Could you set down the lines from the first line of the entries below through the line with "The AdjustaGrill Cordura™", exactly and with no pictures?
++++
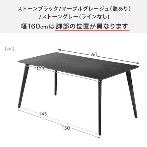 | 【後払い・時間指定不可】【組立品】【中国製】 ※セラミックは高温で焼き上げるため熱に強く、熱い鍋などを直接置いても変色や変形が起こりにくい高い耐熱性がありますが、天板の表面が熱くなるので鍋敷きなどの使用をおすすめします。 ※耐荷重100kgは、天板中央部に均等に荷重をかけた場合の目安です。一点に重い物を置いたり、腰掛けたり、踏み台として使用しないでください。 ※耐熱温度は、ゆるやかに加熱された場合の性能を示すものであり、急激な加熱・冷却に対する耐性(耐熱衝撃性)とは異なります。そのため、冷えた天板に高温の調理器具を置いたり、高温の天板に水や冷却物が付着したりしないようご注意ください。 ※2026年1月30日より幅160cmストーンブラック/マーブルグレージュ(艶あり)の、2026年2月9日より幅160cmストーングレー(ラインなし)の脚の位置を変更しております。 |
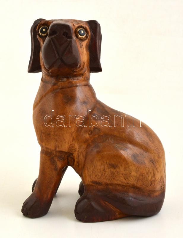 Jelzés nélkül: Kutyus. Faragott festett fa, karcolással, m: 25 cm
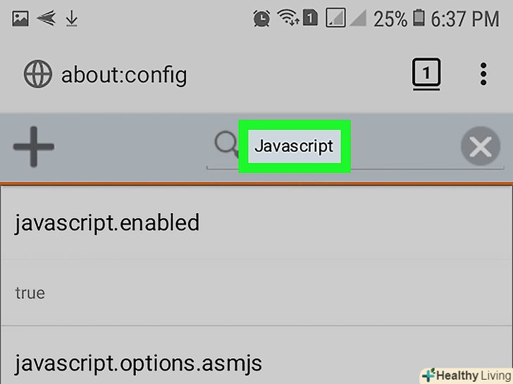 Знайдіть опцію JavaScript. введіть javascript , а потім знайдіть параметр «javascript.enabled " у верхній частині сторінки.
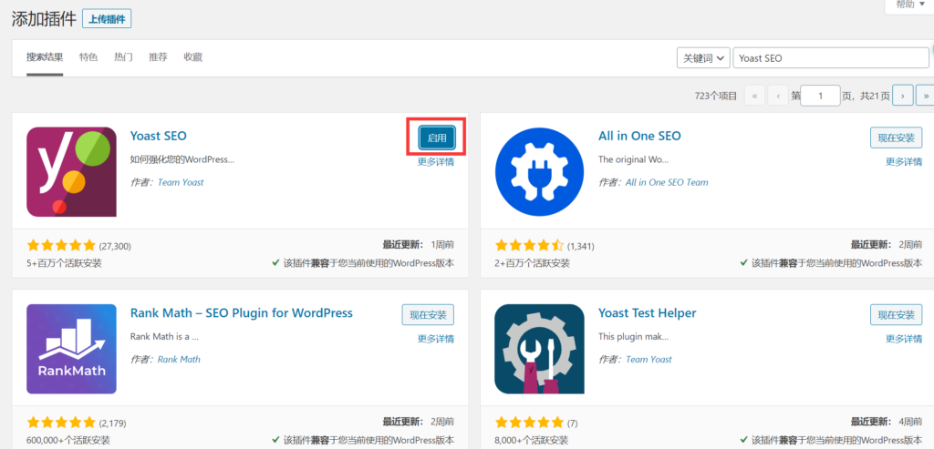 在搜索结果列表中找到Yoast SEO插件,点击旁边的“ 现在安装” 按钮即可安装。
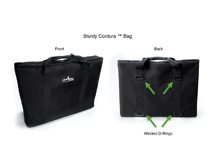 The AdjustaGrill Cordura™ Storage Bag is designed to keep your fire pit and accessories protected, organized, and easy to transport. Made from rugged Cordura™ material, it offers generous storage space while remaining lightweight and water-resistant. Welded D-rings ensure your gear stays securely in place, even during demanding rafting trips or rough handling.
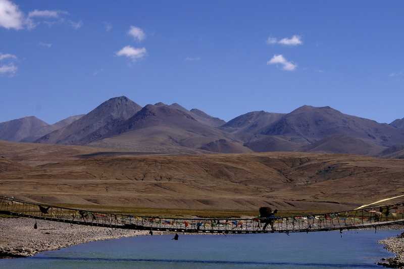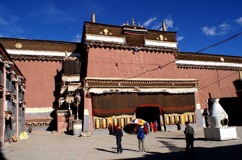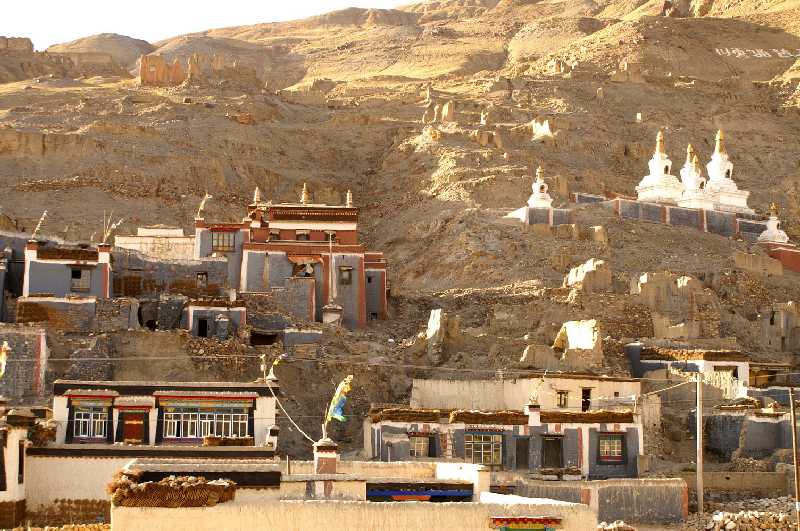 17. 06. 2006 ...Es geht über den 4890 m hohen Kur La Pass, im Rücken sehen wir immer noch den weißen Chomo Uchong. In Sangsang (4450 m) machen wir nach 190 km eine Stunde Mittag vor einem Teehaus auf der Wiese unter einem Sonnenschirm, bekommen Buttertee und Nudelsuppe. Es ist hier sehr heiß hier. Vorher kommen wir noch über den Gye La Pass (4900 m), fahren durch ein enges wildes Felsental und über den Sang La Pass (4760 m). Fast die gesamte Strecke ist heute von Baustellen durchzogen, auch auf den Pässen arbeiten die Straßenbaubrigaden, teilweise sind kleine Umleitungen durch Bäche oder Senken zu fahren, oder unser geduldiger Fahrer Pasang muss vor einem Riesenlaster zurückweichen, es kostet uns viel Zeit, aber davon haben wir ja genug. Nach Sangsang kommt der Ka La Pass (4650 m), der Kyi Trang La Pass (4420 m) und der Pang La Pass (4530 m). Nach diesem sind auf der linken Seite drei Klöster zu sehen, Meditationshäuser für Guru Rinpoche oder Padmasambhava. Eine davon ist direkt in die Felswand gehauen. Auch Stupas sind zu sehen, eine ganz vergoldet, die wie ein Schornstein aussieht. Wir erreichen den großen Ngamring See (4260 m) mit der in der Ferne am Ufer liegenden gleichnamigen Ortschaft, ringsum sind jetzt Getreide-Felder zu sehen, auch eine Burg ist dort zu erkennen. Am Abzweig nach Ngamring liegt der saubere kleine Ort Gekha, ein Stück Asphaltstraße und eine neue Tankstelle weisen auf den chinesischen Fortschritt hin. Der siebente und letzte Pass ist der Gang La (4430 m), danach rechts der Lang Tso See. Nach 300 km erreichen wir auf 4000 m die ersten Vororte von New Lhatse, es ist jetzt 17 Uhr, die Staubpiste hat sich in eine aalglatte Teerstraße verwandelt. Wir kreuzen die Abzweigung, die von Nepal, Nyalam und Tingri heraufführt, 2001 sind wir schon mal hier gewesen, fahren aber morgen die andere, nördliche Strecke nach Shigatse weiter, da diese südliche Strecke über die Berge gesperrt wegen Bauarbeiten ist. Nach kurzem Tankstop in Lhatse fahren wir auf neuer Straße weiter Richtung Shigatse bis zu einer Straßensperre, an der Pasang seinen Führerschein hinterlegen muss, sodass wir morgen wieder nach Lhatse zurückmüssen, um die Nordroute zu fahren. Die Wallfahrtstraße ist fertig asphaltiert bis hoch nach Sakya, das 25 km vom Abzweig Trengdzom in südlicher Richtung liegt. Nach 360 km erreichen wir den Pilgerort mit dem berühmten Sakya Kloster (4250 m). Ringsum sind neue Hotels und Gasthäuser aus dem Boden gestampft worden, wir quartieren uns ein im Sakya-Hotel im ersten Stock, das Zimmer kostet 280 Yuan (30 Euro) und ist luxuriös ausgestattet, das Bad in dezentem Schwarz gehalten. Iris und Witz bekommen ab jetzt immer Einzelzimmer. Mit Witz laufe ich noch eine Runde in der untergehenden Sonne zur Nordseite der auf dem Berghang liegenden kleineren Klostergebäude.
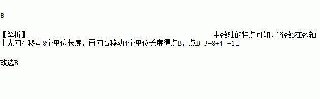 在数轴上有一点A,它所对应表示的数是3,若将点A在数轴上先向左移动8个单位长度,再向右移动4个单位长度得点B,此时点B所对应表示的数( )
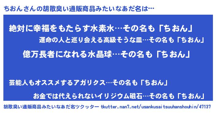 | ヘコむあだ名 | 『ちおもー』『ちおん(震え声)』 |
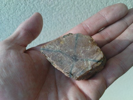 Lors d'une ancienne sortie à Coray pour les staurotides : un énorme cristal d'andalousite rose.
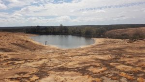 The drive back to the Great Eastern Highway was on a track that no-one in the group had been on before (Dally Track). It showed as an indistinct line on Google Earth and we were not sure that it would communicate with Yerdanie. As it turned out it had clearly not been driven for many years but it was passable and was a great drive requiring plenty of concentration. One of the reasons we do these trips.[Update: As of 2024 Dally Track has been upgraded – possibly to provide easier movement for the local dogger – and is now no-where as interesting or challenging. Two wheel drive track.]
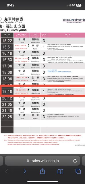 → Kaken : 是丹後鐵道,但要轉乘JR段(福知山後)也可以直接在 11/15 13:54
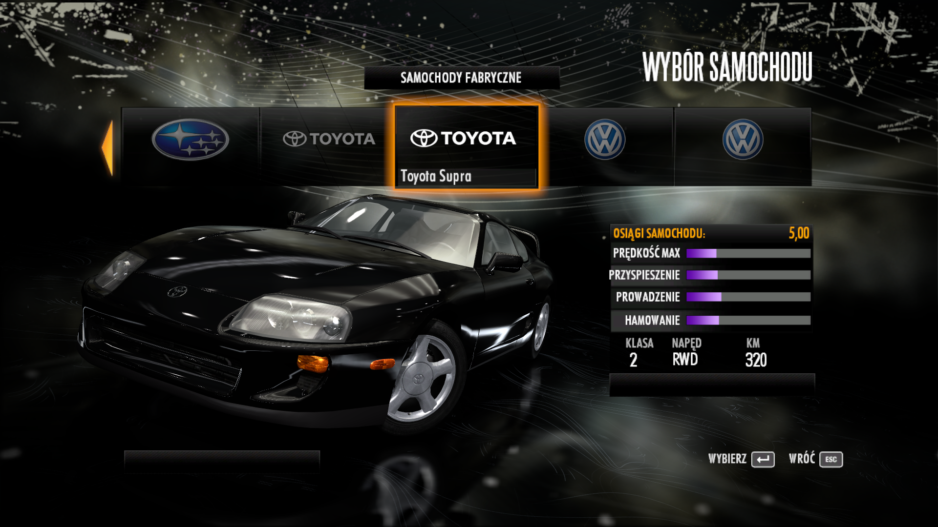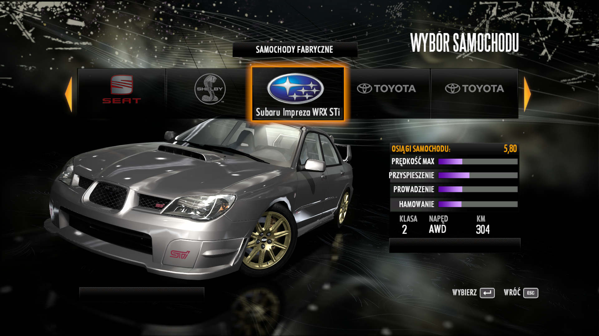 | Subaru Impreza WRX STI | 2 | Japońska | 65,000 | AWD | 30 gwiazdek | Podstawowa wersja gry | |
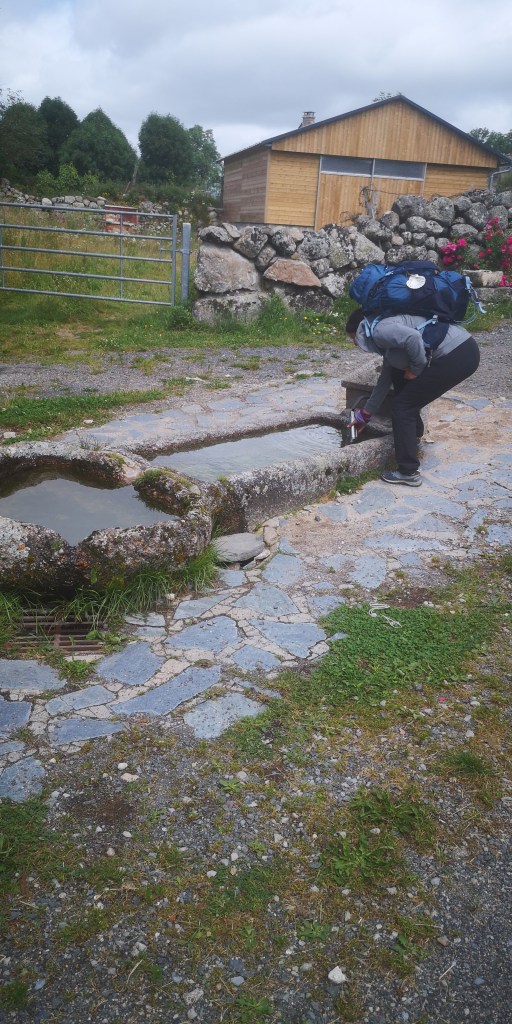 Nous reprenons le chemin sous le soleil. Dans la première montée, nous prenons une leçon de courage en croisant une jeune pèlerine belge, équipée d’une prothèse totale de jambe qui ne s’en laisse pas compté et avale les kms avec un très bon rythme… Total respect…
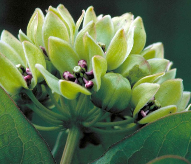 Flower clusters typically 3-5" across with about 10 flowers in a cluster. Flowers are white to yellowish green with some purple on the hoods in the flower center. Flower are without horns. The petals curve up and around the hoods.
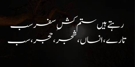 Is sher mein sitāre (chānd se) kā’ināt kī ‘umūmī hālat (general state of the universe) kā shikwah karte hain, jahāñ har shai harkat aur safar mein mubtalā hai (everything is engaged in movement and journey). Woh kehte hain ke yahāñ to har jānib sab log safar mein mubtalā rehte hain. Hamārī (sitāroñ kī) bāt to alag rahī (leave our case aside), lekin yahāñ yeh insān, darakht aur patthar sab hī safar kī su’ūbatain (hardships of journey) bardāsht karte rehte hain.
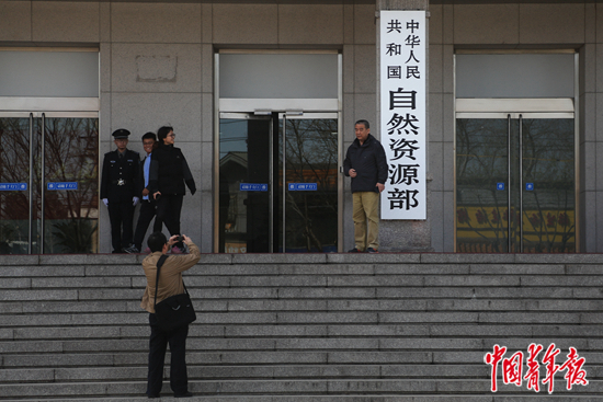 2018年4月10日,自然资源部门外,一名男士在合影留念。中青报·中青网记者 赵迪/摄
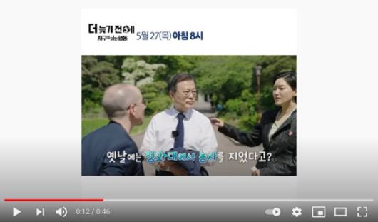 다른 특별영상인 '더 늦기 전에 지구를 위한 행동, 실천'편은 지난 26 청와대 유튜브 및 P4G 서울 정상회의 누리집, KTV 등 정부 온라인 채널을 통해 공개됐다.
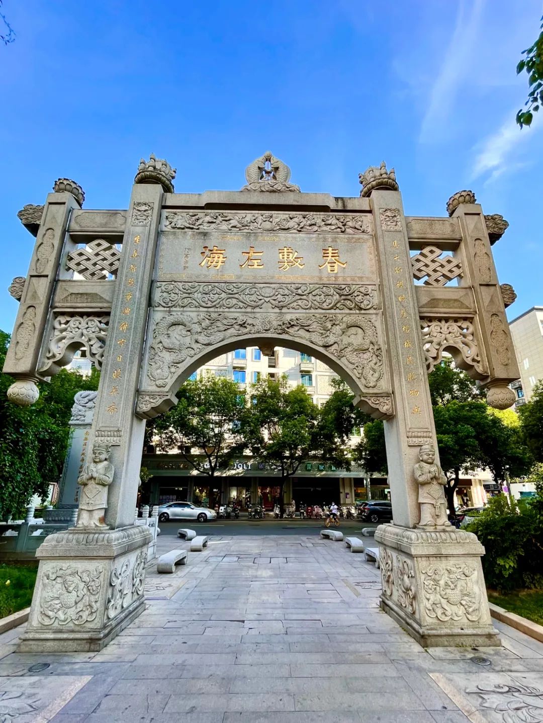 梁是中国南北朝时期的南朝第三个朝代,萧衍取代南齐称帝,定都建康,国号梁,因皇室姓萧,又称萧梁。“萧梁古刹”是讲福州开元寺的历史,而“春敷左海”是讲福州开元寺的位置,“左海”为福州的别称,意指海居于东,春敷指春天花木繁盛,寓意欣逢盛世,佛法重兴,慈悲光明护佑福州。
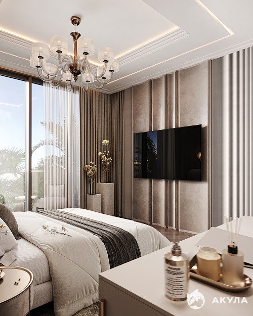 Все лоты сдаются с дизайнерской отделкой от застройщика: ванная комната из мрамора и отделка номера из натурального камня и дерева.
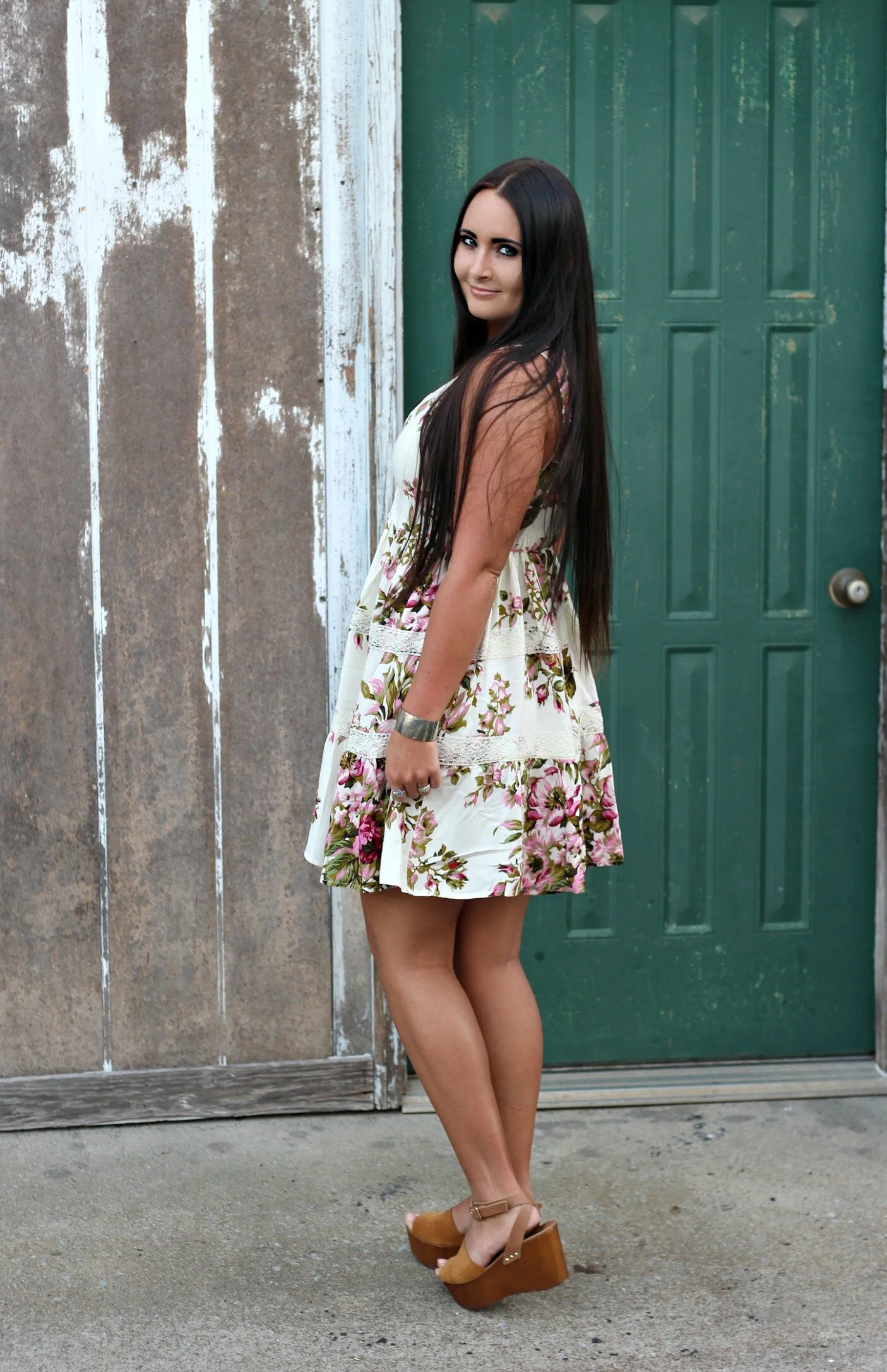 We all know I just can't turn down a good floral print! The colors in this little babydoll dress from Target are what caught my eye immediately. It looks exactly like some of my favorite vintage floral prints but with a more modern silhouette which I love! The lacy plunging neckline is super flattering and it has a tie in the back so you can adjust the waist as needed. This one fits true to size and I'm wearing a medium here. Pair it with your favorite wedges (mine are these Seychelles) and you're good to go for summer! I've linked my entire outfit including a few more floral dress and wedge options at the end of this post!
++++
= Response for this exercise =
 | 【後払い・時間指定不可】【組立品】【中国製】 ※セラミックは高温で焼き上げるため熱に強く、熱い鍋などを直接置いても変色や変形が起こりにくい高い耐熱性がありますが、天板の表面が熱くなるので鍋敷きなどの使用をおすすめします。 ※耐荷重100kgは、天板中央部に均等に荷重をかけた場合の目安です。一点に重い物を置いたり、腰掛けたり、踏み台として使用しないでください。 ※耐熱温度は、ゆるやかに加熱された場合の性能を示すものであり、急激な加熱・冷却に対する耐性(耐熱衝撃性)とは異なります。そのため、冷えた天板に高温の調理器具を置いたり、高温の天板に水や冷却物が付着したりしないようご注意ください。 ※2026年1月30日より幅160cmストーンブラック/マーブルグレージュ(艶あり)の、2026年2月9日より幅160cmストーングレー(ラインなし)の脚の位置を変更しております。 |
 Jelzés nélkül: Kutyus. Faragott festett fa, karcolással, m: 25 cm
 Знайдіть опцію JavaScript. введіть javascript , а потім знайдіть параметр «javascript.enabled " у верхній частині сторінки.
 在搜索结果列表中找到Yoast SEO插件,点击旁边的“ 现在安装” 按钮即可安装。
 The AdjustaGrill Cordura™ Storage Bag is designed to keep your fire pit and accessories protected, organized, and easy to transport. Made from rugged Cordura™ material, it offers generous storage space while remaining lightweight and water-resistant. Welded D-rings ensure your gear stays securely in place, even during demanding rafting trips or rough handling.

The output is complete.